/ 19 November 2010

Red sails in the sunset

Red Sails In The Sunset

A month or two ago we had The Expendables, with a 63-year-old Sylvester Stallone doing action for oldies; this week we have Red, putting Bruce Willis (55) back into kick-ass action and adding some oldie action heroes in the form of John Malkovich (57), Morgan Freeman (73) and Helen Mirren (65).

These two swallows have spurred speculation about a new summer of Hollywood roles for ageing actors in action movies, where they can pretend to be as active and energetic as their rivals 30 years younger. But old is not new.

John Wayne hung on to his stardom as a gun-totin’ western hero until he was at death’s door. His last film, The Shootist (made in 1975 when he was 68), played on his great age and his declining health (he had cancer) to portray an old gunfighter on his last legs but still shooting straight.

More recently, Clint Eastwood’s magnificent Unforgiven (1992) dealt with both ageing warriorhood (he was 61) and the retrospective myth-making of the western narrative.

Men in Hollywood have long had more chances to age yet stay in movies than women. Cary Grant was 59 when he romanced a 34-year-old Audrey Hepburn in Charade (1963), but at least he retired soon after that. Others have not been so wise.
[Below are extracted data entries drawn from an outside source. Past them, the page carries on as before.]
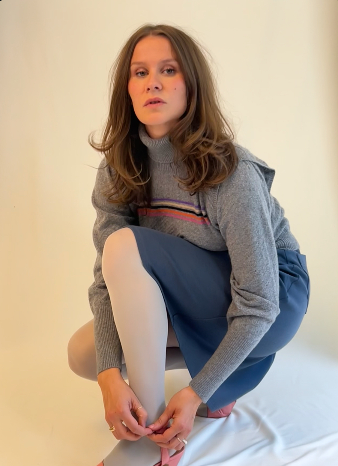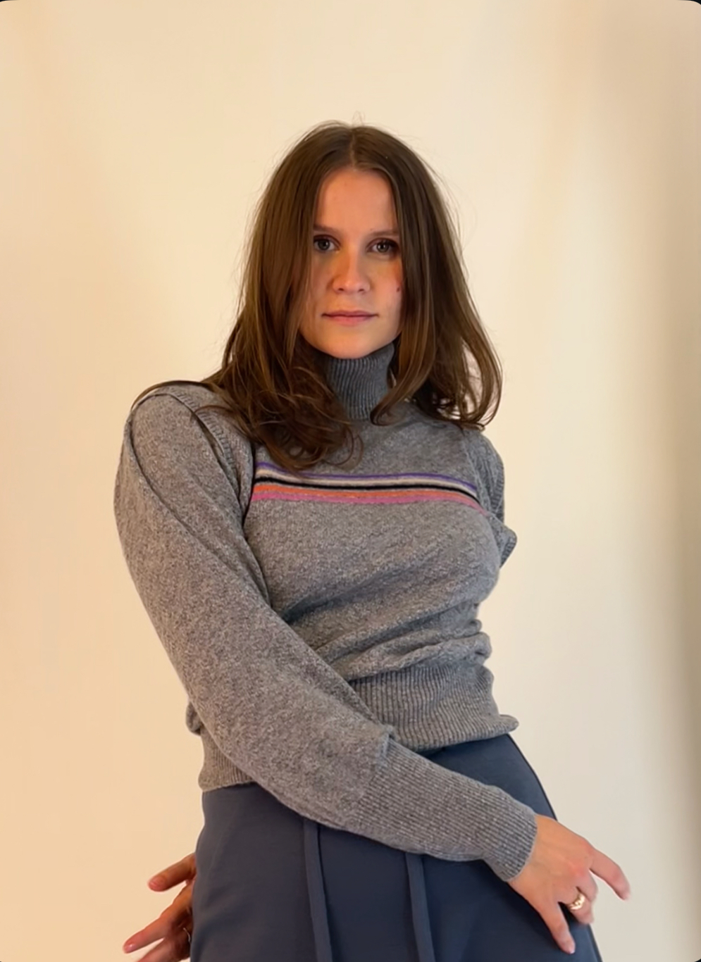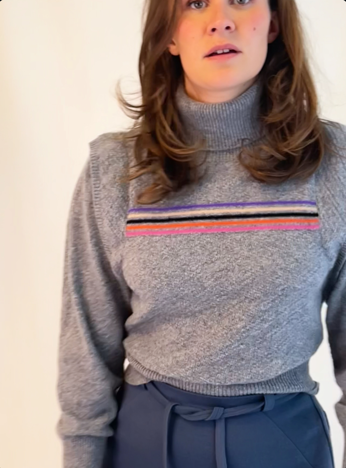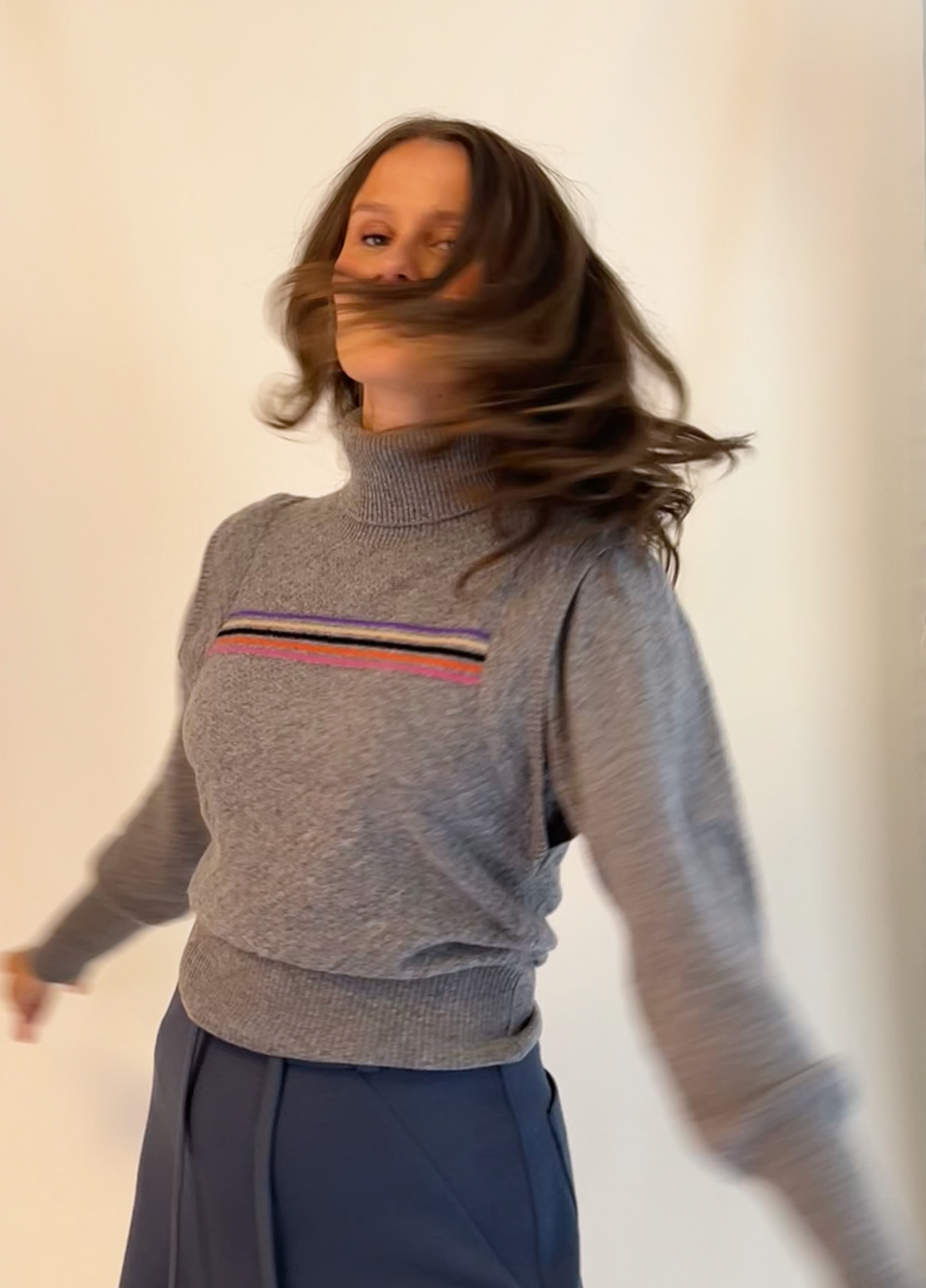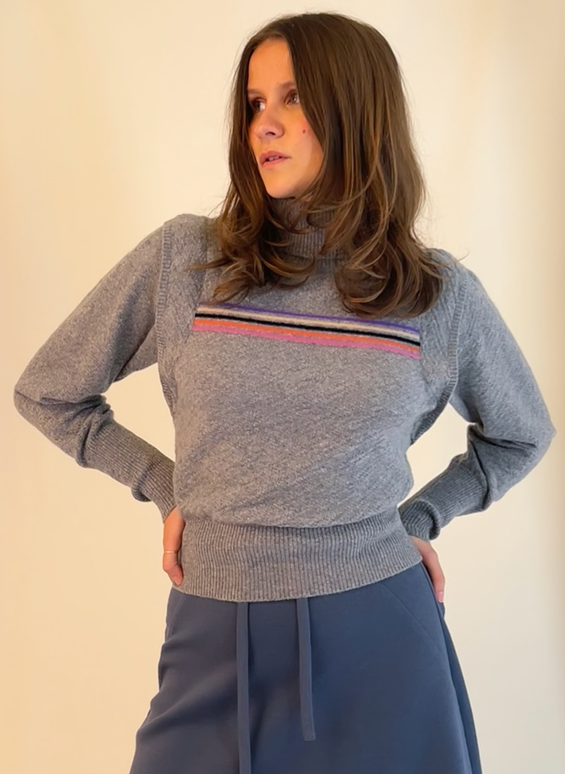 100% cashmere strik i fint skråtstillet mønster og farvede striber på forstykket. Helt lange ærmer med bred rib, høj rullekrave og cool skulder markering.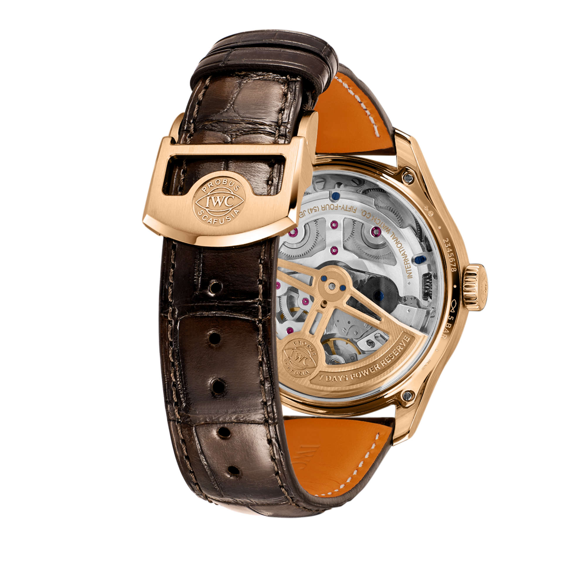 Der automatische Pellaton-Aufzug ist mit Komponenten aus nahezu verschleissfreier Zirkonoxid-Keramik verstärkt, während die Schwungmasse aus massivem Gold gefertigt ist. Sie wandelt die Bewegungen am Arm des Trägers effizient in Energie für die Aufzugsfeder um und baut in zwei Federhäusern zuverlässig eine Gangreserve von 7 Tagen auf. Die Uhr ist mit einem braunen Alligatorleder-Armband von Santoni mit einer Faltschliesse aus 18 Karat Armor Gold® ausgestattet.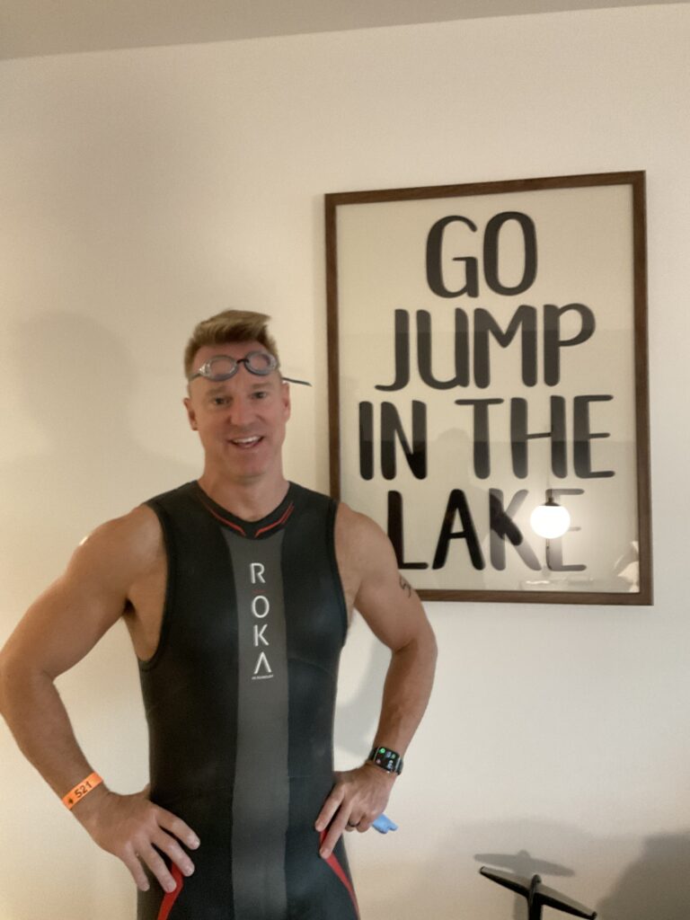 The plan worked perfectly. We entered the 65° water to start the race, which felt like the hotel’s jacuzzi compared to the air. The race itself went well too—I finished 7th, and Ramiro came in 14th overall in the swim. Nothing quite like cold water to kick your motivation into high gear!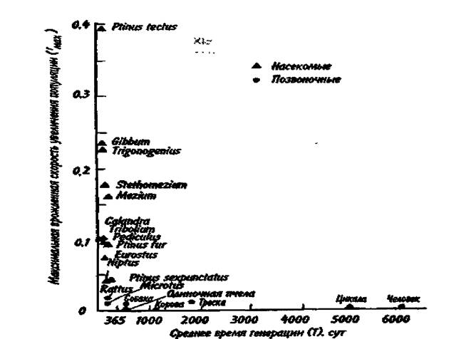 Рис. 6.1. Гиперболическая зависимость максимальной врожденной скорости увеличения популяции от времени генерации по Пианка, 1981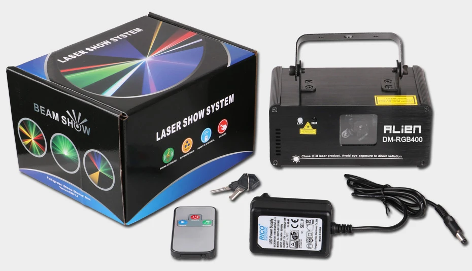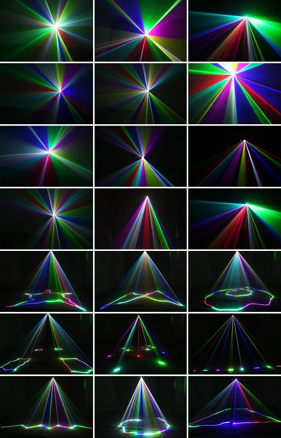 El láser es un sistema láser rojo, verde y azul a todo color. Las fuentes láser garantizan colores brillantes y potentes rayos láser. El láser RGB incluye un control remoto IR para control inalámbrico y para cambiar entre programas activados por sonido o automáticos. En el modo DMX también tiene un control total de todos los patrones, movimientos de la X-Y, zoom, velocidad y rotación. Es ideal para aplicaciones semiprofesionales y es perfectamente adecuado en bares, clubes medianos y discotecas. Así como para empresas de alquiler, DJs móviles, uso privado y en cualquier otra ubicación de fiesta.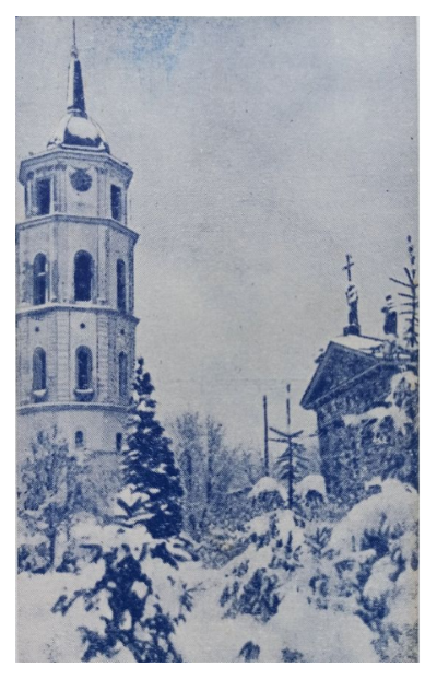 У настальгічную тэму кладзецца паштоўка з выявай зімовай Вільні: катэдра і званіца пад снегам. Цікава, што віленская тэма яшчэ доўга не адпускала беларусаў на чужыне: шмат для каго гэта быў родны горад. Настальгічныя паштоўкі з выявамі Горадні ды іншых мясцовасцяў вядомыя, але гэта іншая гісторыя.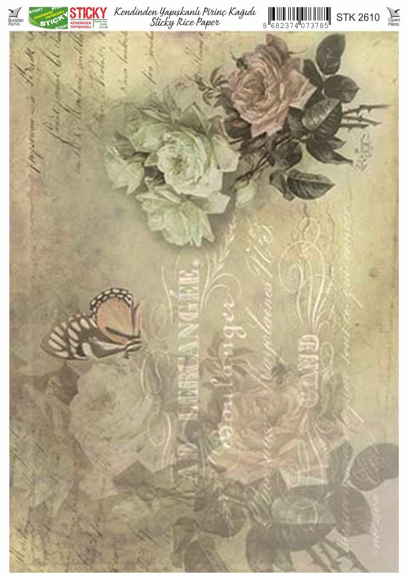 Scky Rice Paper (Self-Adhesive Rice Paper) It is printed on textured and thin paper that made from rice straw and is used for decoupage works. With its selfadhesive feature, it does not require glue. You can easily paste it on the area you want and apply painng, relief, foil and varnish on it. You can visit our web page for other Scky models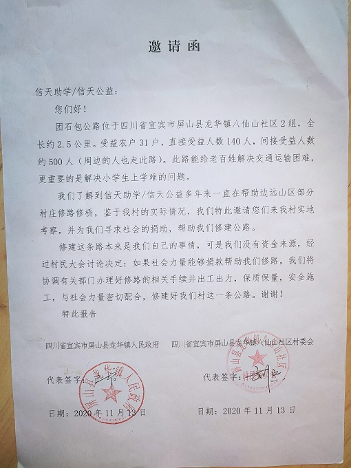 (1)爱心人捐款、村民投工投劳一起修土路,干季能通车;
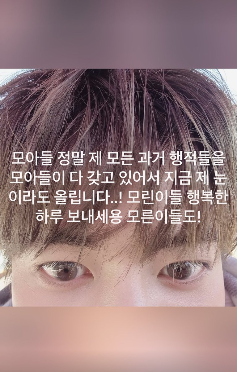 “MOAs already have all of the traces of my past (*baby pictures) so I’m uploading a picture of my eyes right now..! (cute tone) MOA-children, have a happy day today..MOA-adults too!”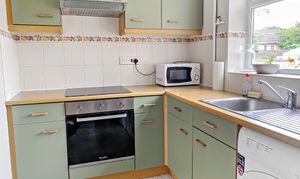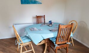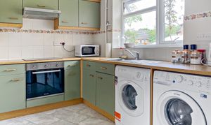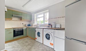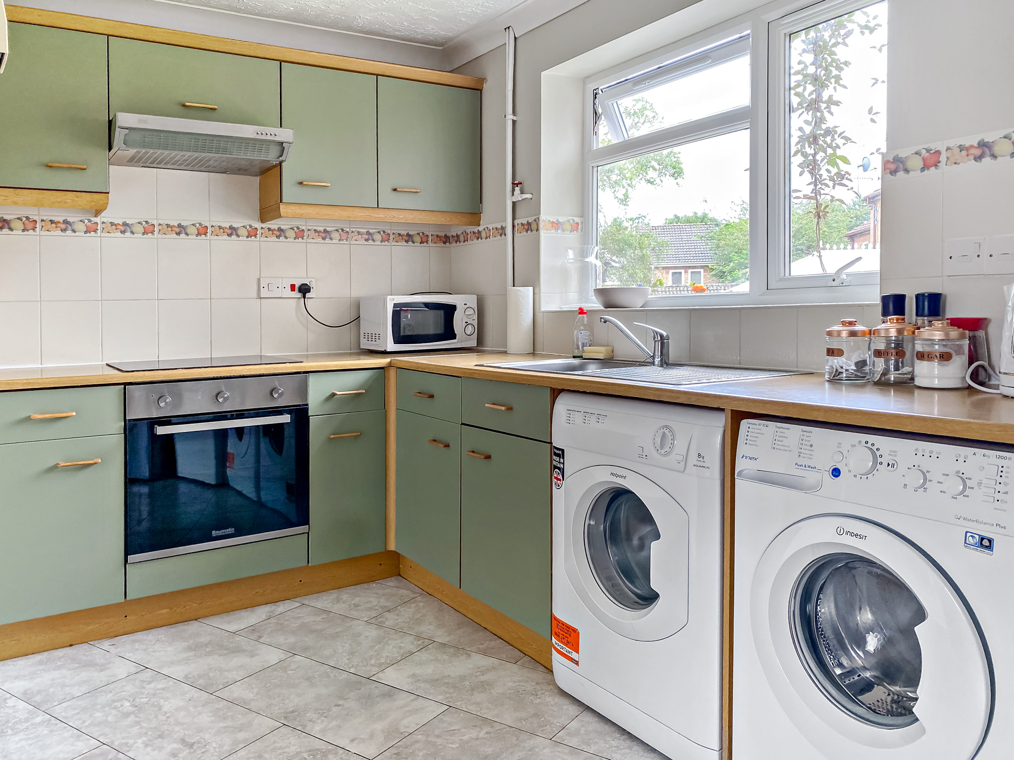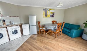 The property is arranged around a bright open-plan kitchen and dining area, creating a sociable and functional space for everyday living. The kitchen provides ample worktop space and storage, with room for appliances and dining furniture.

The idea of Dustin Hoffman, at 71, romancing Emma Thomson, 22 years his junior, in Last Chance Harvey, is mildly disturbing. But Sean Connery played James Bond for one last time at 53, and was smooching Catherine Zeta-Jones (then 30), never mind jumping off buildings, at age 69 in Entrapment.

We will have to wait and see whether those female stars doing action roles can rework them for their later years — perhaps in 25 years’ time we’ll have Angelina Jolie at age 60 redoing the karate kicks and cliffhanging stunts of Salt. I foresee Salt VI: The Final Battle, or perhaps Jodie Foster in Clarice Starling’s Last Case, due on our screens in about 2025.

The “final battle” or “last case” idea hovers around Red, perhaps in acknowledgement of its stars’ great age. It’s a bit like those crime-caper flicks in which the master criminal is persuaded out of retirement for one last great heist. At the same time, its final moments jokingly suggest fresh new adventures for its leads.

Willis plays a former CIA operative (“Red” apparently stands for “retired, extremely dangerous”) who, as is usual in non-crime films, is not so much persuaded as driven out of retirement.

If this were a more serious or at least non-comic film of the Bourne variety, someone close to him would have to be assassinated to chase him from his hidey-hole and back on to the shoot-out circuit, but Red is luckily more of a comedy than that.

So Willis’s character is hounded from retirement by a squad of killers unexpectedly sent to rub him out. He still has the almost superhuman skills he obviously developed during his long years of more formal employment, so he gets away — and now has to answer the questions of who’s trying to kill him and why.

These questions are the conceptual motor for the plot that follows. (By the way, we are informed later in the movie that the hit squad is made up of freelancing South Africans. Do I hear a chuckle?)

On the way, Willis naturally picks up a pulchritudinous younger woman (Mary-Louise Parker, a mere 49) who is now in danger of kidnapping, torture and so forth, so he has a “love interest” to yank about after him as he runs around evading bullets.

He also reconnects with old former colleagues who can help him. Freeman is predictably wise and twinkly; Malkovich is predictably nutty. Mirren, less predictably, has gun-totin’ skills. (One of these people is dying of cancer, so guess who gets to have the macho-sentimental supreme-sacrifice moment.)

Willis does most of the running around and displaying of martial-arts capabilities; the others are somewhat more sedate, though they are of course extremely good marks people.

As in so many action movies, they can take out an opponent with one neat shot while whole teams of enemies are raking them with machine-gun fire. But we have to accept that as Hollywood action-hero convention, just as we have to accept very quick recovery from incidental wounds.

At least Red plays its action (and its interaction) for laughs, and enjoyably so; The Expendables tried in places, but mostly it had the unfunny effect of a surgery-tightened face straining to shape a smile.

Willis is now bald, but at least he has good skin. And he seems in reasonably good shape, so a bout or two of fisticuffs is not entirely implausible. It’s his acting that is implausible and his mugging between action moments that is irksome: he appears to have acquired more ham with each wrinkle.

Malkovich and Mirren are fun, being highly intelligent actors, but Parker as the kidnappee and “love interest” (she’s the lady in Red; Mirren’s one of the boys) takes the honours for most attractive screen presence.

She has an unusual face, with a quirky look and a wry, offbeat manner; we really should be seeing more of her in the movies.

Perhaps she needs to learn to handle some very big guns.